Adamın biri (kurucu lideri) tarihte bir bugün öldü, bir
ülkede yas tutulacak. Metalaşmış, propaganda amaçlı bir dakika yer gök sabit
kulağı rahatsız eden bir siren sesi duyulacak, o an birileri ayakta saygı
gereği duracak, birileri de hakaret edecek, çünkü uzun zamandır her ölüm
yıldönümlerini anma ve hakaret günü ilan edilmiş oldu... Bu durum sadece
ülkemize ait bir durum değildir, Hollanda'da ikinci dünya savaşında ölenlerin
anıldığı gün tüm sokaklarda siren sesi ile ayakta durulur ve sonrası bando
geçişleri olmaktadır.
Birileri anacak, birileri de hakaret edecek, birileri de
siyasi olarak anıyormuş gibi yapıp hakaret edenleri destekleyecek, çünkü henüz
o kadar güçlü olmadıklarını hissediyorlardır, güçlü olduklarında akıttıkları
timsah gözyaşlarını yerini sevinç gözyaşları alacak...
Hakaretlerin ortada dolandığı ve tersi durum olan
putlaştıran ve sonuçta metaya dönüştürülen liderin ölüm günü... Her liderler
zaman içinde metaya dönüşür, işe yardıkça, değeri olduğu sürece arkasından
gidenler olur, onun adına üretilen ürünler satılır, o işten para kazanan etnik
pazarın pazarlayıcıları olur.
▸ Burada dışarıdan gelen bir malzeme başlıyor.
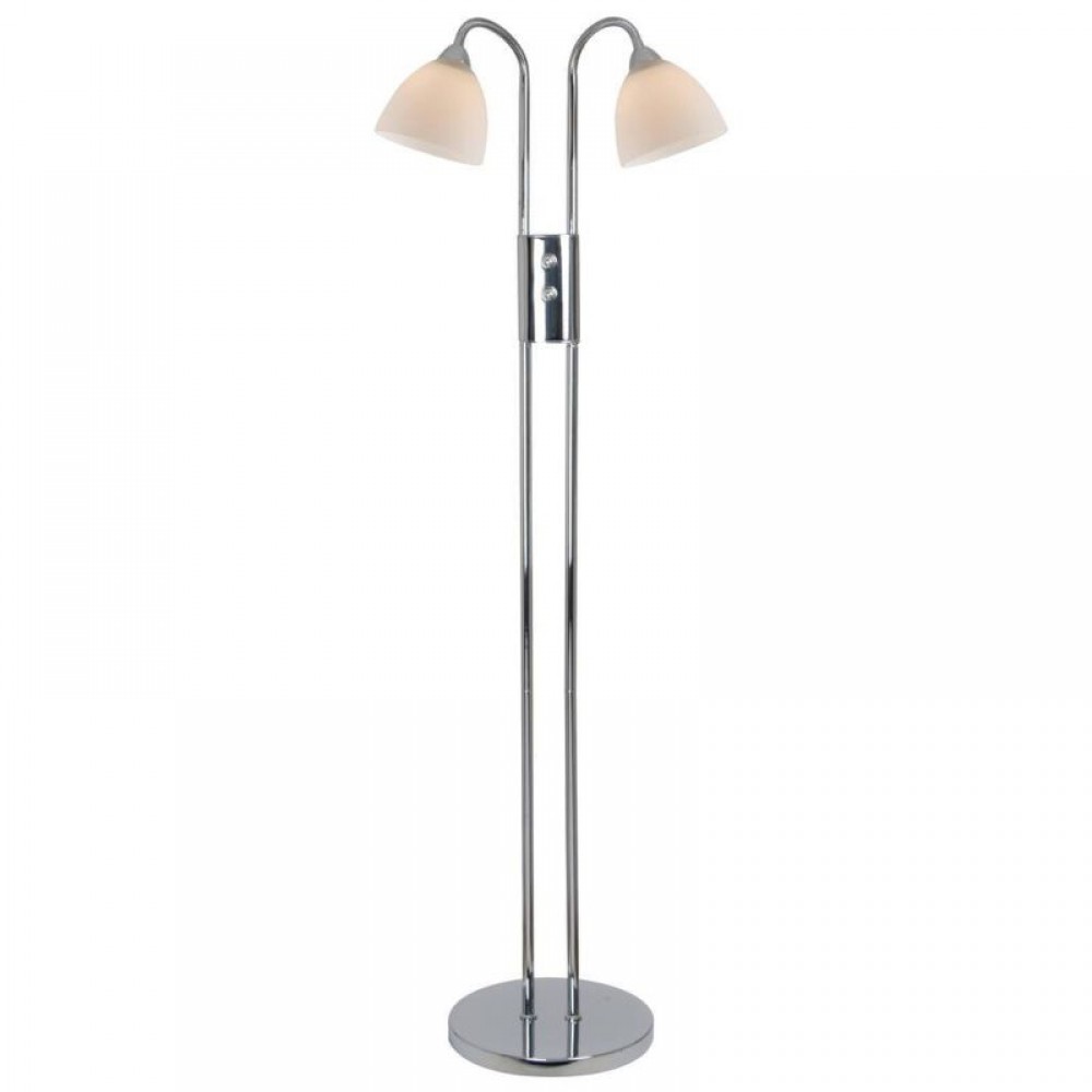 Επιδαπέδιο φωτιστικό δίφωτο από μέταλλο σε χρώμιο και λευκό οπάλ γυαλί. Διαθέτει καλώδιο σε χρώμα διάφανο και μήκος 180εκ. Δέχεται δύο λαμπτήρες LED Ε14 με ισχύ έως 12W.

Meta olmaktan çıktıkları zaman kısaca öldükleri
an onun mezarı sessizlik içinde ot, böcek tarafından doğaya karıştırıldığı
sürece katılır, çünkü her ölüm sonuçta doğada çürüme, doğaya karışmaktır...
Mezarlıklarda eski liderlerin mezarını kimse bulamaz, çünkü yerine başkası
çoktan gömülmüştür!
Tarihsel olan bireylerde tarihe karışır, çünkü onların
vücutları çoktan doğanın bir parçası olmuştur, her büyük anıt mezarlıklar bugün
sadece turist gezileri için kullanılan alanlardır, ölüden para kazanmayı
düşünenler girişe bir bariyer koyup gelenden para alır...
Adamın biri bugün öldü. Onu tarihsel yerine koyarak,
tarihsel süreçte öyle olması gerektiği için öyle oldu, katliam yaptı, cinayet
işledi, emir verdi, en yakın arkadaşını koltuk uğruna idam ipinde sallandırdı,
idam kararını en yakın arkadaşına aldırttı, cellat ve mahkumlar hepsi eskiden
yan yana, omuz omuza birlikte mücadele etti, fakat koltuk uğruna, koltukta
kalmak için yürüttüğü siyasetin sonucunun ona göre başarılı olması için önüne
gelen her türlü engeli zor ile yok ettiği gerçeğini konuşamayız, çünkü o
romantik bir tarih algısında, kahramanlar ne suç işler, ne de katliamlara emir
verir, çünkü o yaşadığı kanlı sürece ak pak şekilde, elini kana bulaştırmadan
atlatmıştır imgesi verilir... Tüm liderler biliyoruz ki tarihte elini kana
bulamıştır, başarılı olanların elleri kan ile yıkanmıştır gerçeği yaratılan
kahramanlara bulaştırılmaz...
Tarihte bir insan neden olduğu gibi değerlendirilmez, çünkü
yaşanan anın yaratmış olduğu adalet ve ahlak anlayışına uygun gelmediği için!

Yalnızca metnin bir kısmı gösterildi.